About this exercise -
Your job with the data below: print everything from the line that holds "Photograph of the" down to the line that holds "Registre des mariages", ends included, exactly, and nothing else.

Data extracts -
= = = =

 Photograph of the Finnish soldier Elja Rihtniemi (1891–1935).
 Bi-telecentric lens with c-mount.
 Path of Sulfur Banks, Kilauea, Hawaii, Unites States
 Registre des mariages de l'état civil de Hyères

= = = =

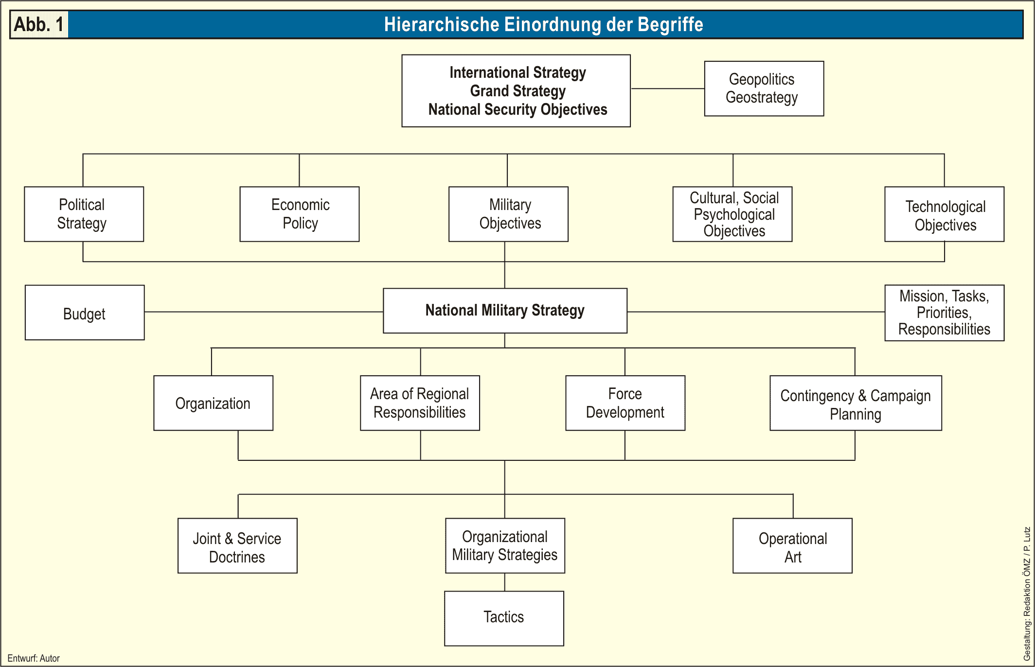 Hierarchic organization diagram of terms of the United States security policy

= = = =

Response box -
 Photograph of the Finnish soldier Elja Rihtniemi (1891–1935).
 Bi-telecentric lens with c-mount.
 Path of Sulfur Banks, Kilauea, Hawaii, Unites States
 Registre des mariages de l'état civil de Hyères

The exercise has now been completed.